I thought this month was going to be easy. I'd been working really hard putting the past few articles together and I figured I was done. This month I was going to write about something simple -- maybe my favorite ten novels or the _real_ story of what happens to socks when they vanish in the dryer. But two things happened. First, there were several pieces of news about eBooks that came to my attention and second, (and most notably) a lot of people wrote me emails about the last article. I had no idea that so many of you were interested in eBooks and their possible effects. I also wasn't expecting so many cogent, thoughtful comments on the topic. Not that I don't think that Borderlands customers are smart (our customers are _very_ smart, believe me) but I figured that you had more important things to do than write me.

So, welcome to _the last_ (I swear) article about the state of books according to yours truly. At least for a while. Here are some headlines to start off with.
*Amazon's Kindle is Doing Even Better
Remember that figure last month about the percentage of eBook sales for the Kindle as compared to physical sales? Of titles that are available in both eBook and physical formats, eBook sales were 6% of all sales. In other words, one electronic version is sold for every 14 or so physical copies. That's old news. According to a recent notice in Publishers Weekly, that figure was up to 12% at the beginning of July. So now one eBook is being sold for every _eight_ physical copies of titles that are available in both formats. That was fast, wasn't it?

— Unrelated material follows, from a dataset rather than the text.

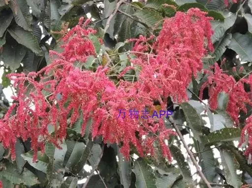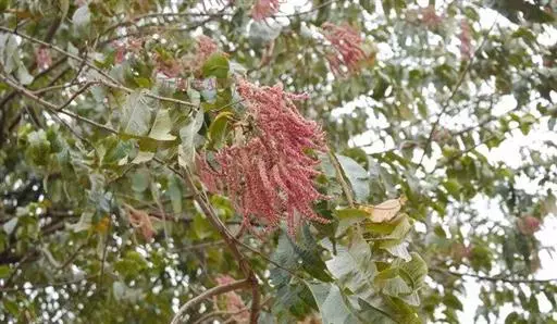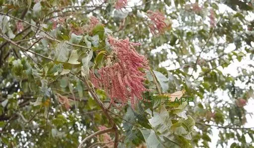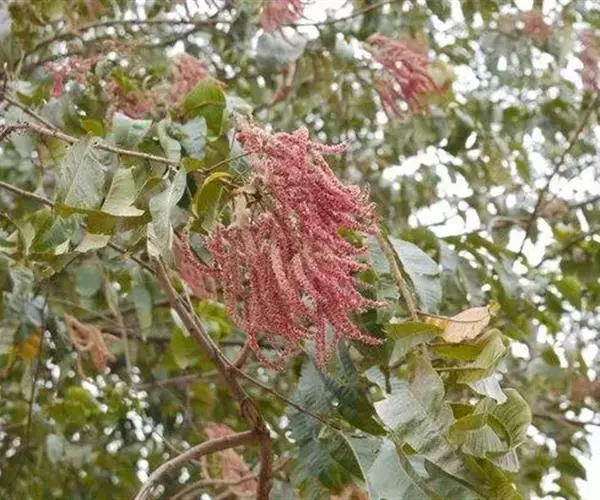 大型圆锥花序,顶生或腋生,长18-26厘米,总轴密被黄色绒毛。花极小,极多数,两性,红色,长(连小花梗)4毫米;小苞片三角形,宿存;萼筒杯状,长2毫米,5齿裂;雄蕊10,突出;具花盘。瘦果细小,极多数,有3翅,其中2翅等大,1翅特小,长约3毫米,宽(连翅)12毫米,翅膜质,干时苍黄色,被疏毛,大翅对生,长方形,小翅位于两大翅之间。花期8-9月,果期10月至翌年1月。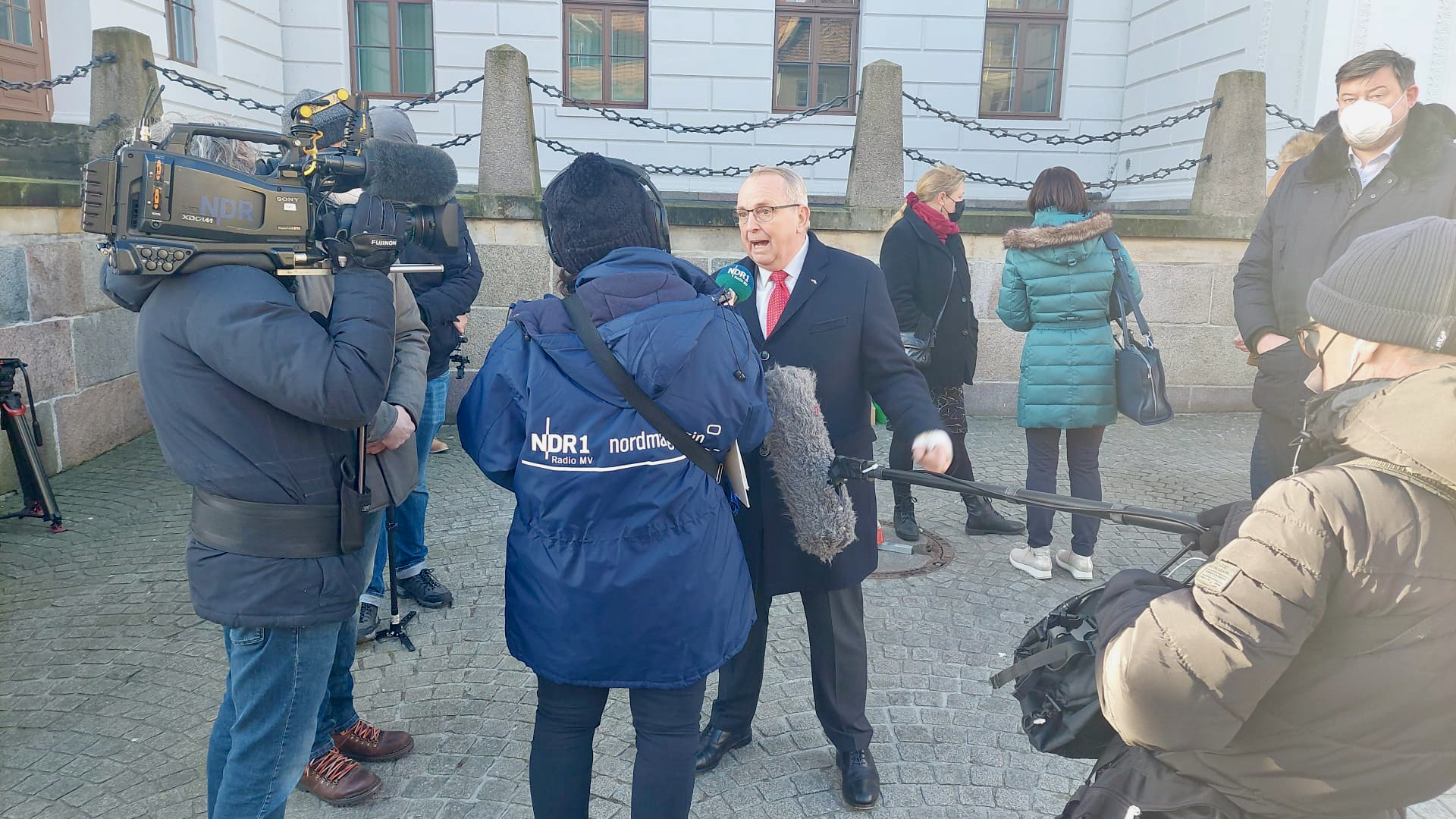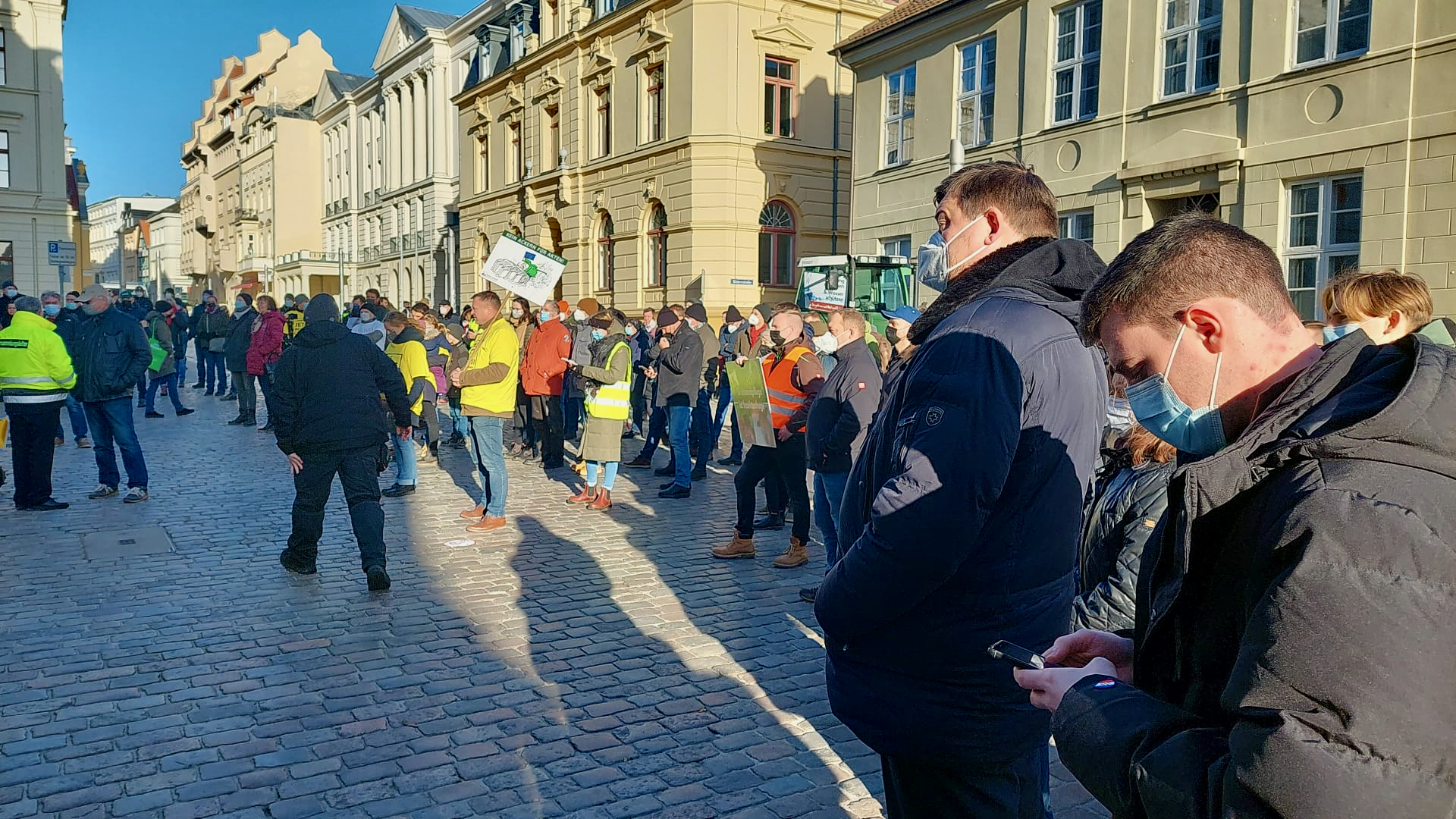 Während am Vormittag hunderte Traktoren durch Schwerin rollten und mit lautem Hupen und Transparenten protestierten, versammelten sich in der Innenstadt vor der Staatskanzlei Landwirte und übergaben einen offenen Brief an die Landesregierung.

*Apple's iPhone Apps Support eBooks
With the introduction of iPhone firmware version 2.0 and the iPhone App store, eReader software (which is used for Fictionwise ebooks) is now available for the iPhone and iPod Touch. In the first day there were over 7000 downloads of this application by iPhone owners. This has been followed by thousands of downloads _per day_ since. It's worthwhile to note that Fictionwise has what I think is the best business model for eBooks in the field. More on that later.

*Apple's New Mystery Product
Speculation is heavy surrounding a new product to release in September or October from Apple that was mentioned in a recent financial report from Cupertino. The most common theory is that it's going to be a tablet-type computer with a screen around 9" in size and probably using a richer version of the multi-touch interface used in the iPhone/iPod Touch. Though I don't think for a minute that it's going to be specifically geared towards eBooks, it would be a truly great platform for reading. And, unlike the other eReaders out there, it would also work very well as an electronic reader for comic books, graphic novels and manga (Japanese comics). That is a _huge_, profitable, and (in the US) untapped market.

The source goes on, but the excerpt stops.